Evolution of Risk Analysis at EPA
In examining the quality and utility of Department of Homeland Security (DHS) approaches to risk assessment, the committee decided there would be value in reviewing the practices of other federal agencies that have invested heavily in risk assessment and that now have relatively mature programs. The Environmental Protection Agency (EPA) has a substantial record of performance in this area, but similar activities at agencies such as the Occupational Safety and Health Administration (OSHA), the Food and Drug Administration (FDA), and the Department of Health and Human Services (DHHS) Agency for Toxic Substances and Disease Registry (ATSDR) are also informative.1 In fact, the risk assessment activities of these agencies have much in common, and all draw heavily from a long series of expert reports on risk assessment from the National Academies and other bodies. This appendix contains a brief summary of the essential features of the relatively well established approaches to risk assessment at the EPA, and it also provides a look at how the decision needs of the EPA are satisfied by the approaches taken. Information for this appendix derives from a number of EPA guidelines and policy statements, citations to some of the relevant documents of other federal agencies, and reports of the National Academies, most especially the report released in December 2008 called Science and Decisions: Advancing Risk Assessment. That latter report contains exhaustive documentation of the evolution of these advisory reports and of their implementation over the past 25 years.
This appendix also examines how some of the principles upon which EPA risk assessment approaches are based might be applicable to DHS.

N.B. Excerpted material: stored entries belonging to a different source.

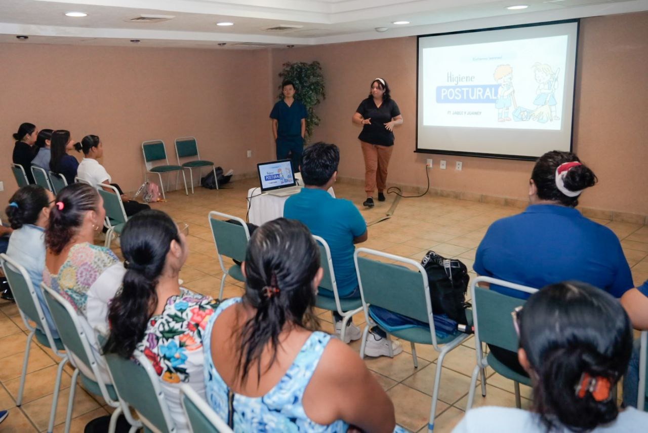 El taller fue impartido por el equipo de fisioterapia del DIF Cozumel, conformado por Adolfo de la O Tun, Yazmin Guadalupe Burgos Yam, Adriana Jaquelin Sánchez May y los practicantes María Andrea Pérez Fernández, Vania Mariant Alanis Cetina y Yuselmi Juaney López Espinoza. Durante la jornada, se instruyó a las y los participantes en prácticas clave como mantener la espalda recta, doblar las rodillas al agacharse y distribuir el peso de forma eficiente al cargar.
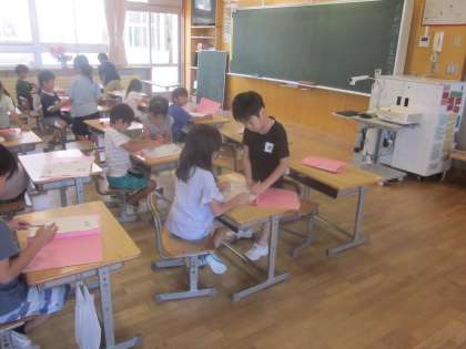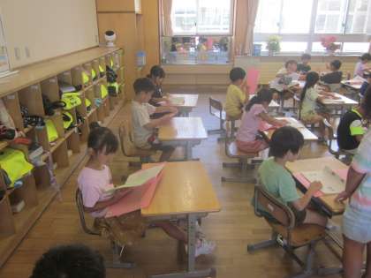 プリントやカードをファイルにとじました。初めての挑戦でしたが、友達と協力してとじました。
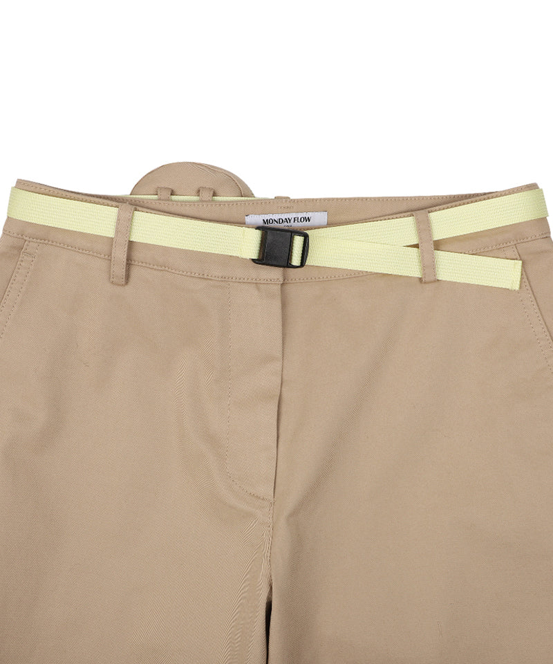 Monday Flow Cotton Comfort Pants(Belt) - Beige

Over a period of several decades, from the 1930s through the 1970s, federal public health and regulatory agencies were given legal authorities to develop scientific information on various agents—chemical, biological, radiological—whose presence in the environment (the workplace, air, water, food, soils, and consumer products) could threaten human health and, further, to take action to limit or eliminate human exposures when health threats were found to be significant. In a few cases, laws require that manufacturers wishing to introduce
certain substances (food additives, pesticides, pharmaceuticals) develop the information needed to evaluate health threats, and they are further required to gain regulatory approvals to market their products. Products requiring premarket approval can be barred from commerce if regulators determine that their safety is questionable. In most cases, however, the agencies are required to develop health-related information, or to use information published in the scientific literature, to assess threats to health and to establish whether the threat is sufficient to support actions to reduce it. This latter model closely approximates the situation at DHS.

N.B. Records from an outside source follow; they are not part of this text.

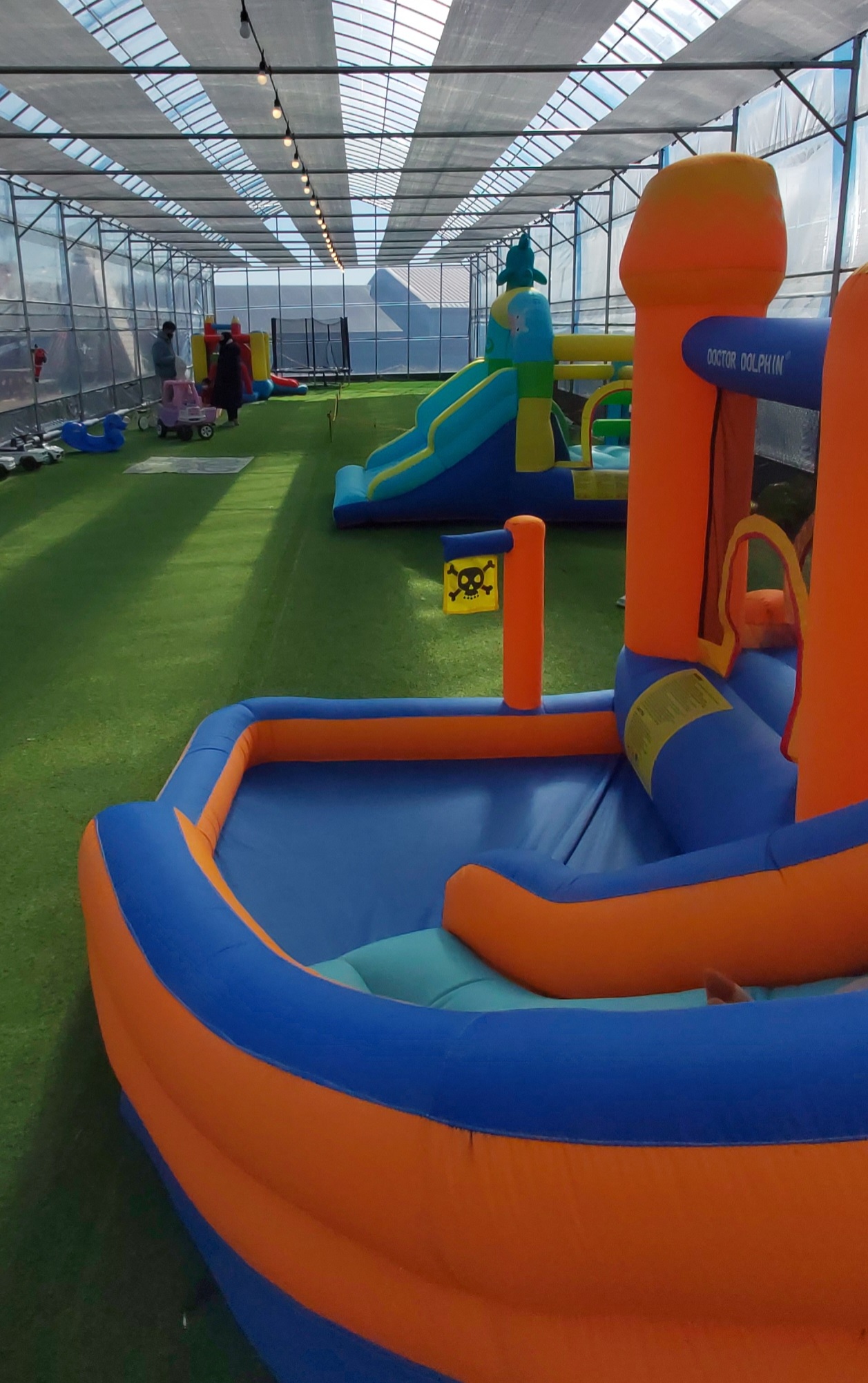 아까 메인홀 옆에 이렇게 실내 놀이터가 갖춰진 비닐하우스가 있습니다.
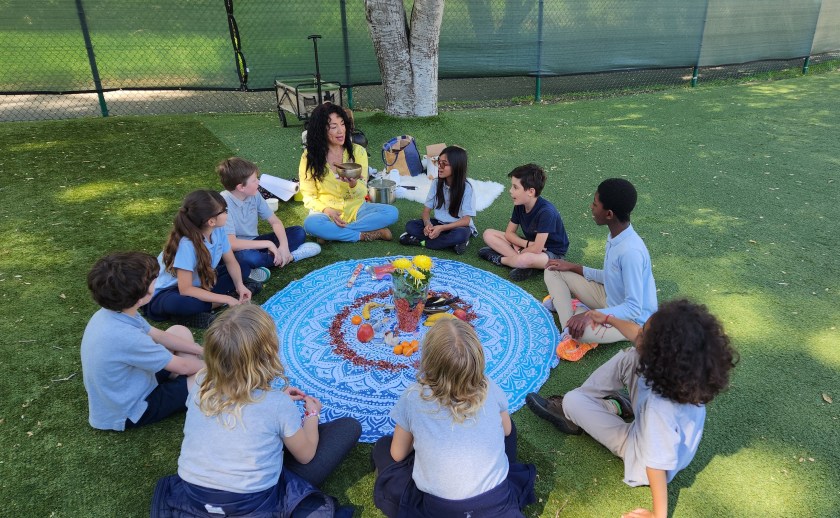 One of the most special elements of Saklan Project-Based Learning is the ways in which annual units take on different elements each year. For the last three years 2nd and 3rd grade students have designed the backdrop for our spring concert at the Lesher Center as part of a PBL unit on color and communication. This unit centers on the driving question: How can we understand the art world to design a backdrop that communicates “garden?”
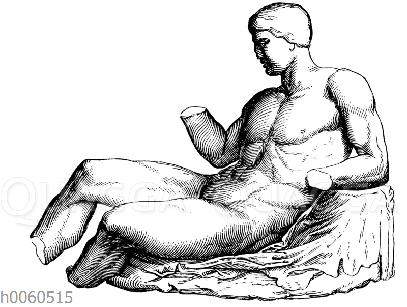 Dionysos (?) aus dem Ostgiebel des Parthenon.London, Brit. Museum.: Zeichnung/Illustration/Holzstich – – –
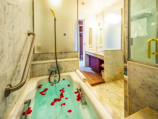 The exterior is reminiscent of a medieval castle. Enjoy nature with our open air baths and natural hot spring.

Until the mid- to late 1970s, agency approaches to what later came to be called risk analysis were not highly explicit, and they involved no clearly identified and scientifically justified methodology (NRC, 1983). Indeed, scientific and policy controversies of several kinds rose to the surface in the late 1970s and gave rise to much public concern over the use of scientific information by federal agencies. These concerns prompted a congressionally mandated review by the National Academies, resulting in a report entitled Risk Assessment in the Federal Government: Managing the Process issued by the National Research Council in 1983. That report, which is commonly known as “the Red Book,” contained a review and analysis of the scientific and policy controversies that had given rise to it (including allegations that federal risk assessments were often “manipulated” to yield the results desired by decision makers), and it offered a way forward that laid a foundation for risk analysis that continues to this day. Many critics of the 1983 report have focused on the awkwardness of the way it portrayed the relationships of analysis to decision making, and this problem has been corrected in the recent Science and Decisions report (NRC, 2008b). However, the principles for risk analysis set forth in the 1983 report remain in place, and they have been relied upon by the EPA and other federal agencies. The structure of the risk analysis process and definitions of key terms first handed down in the 1983 report remain in place.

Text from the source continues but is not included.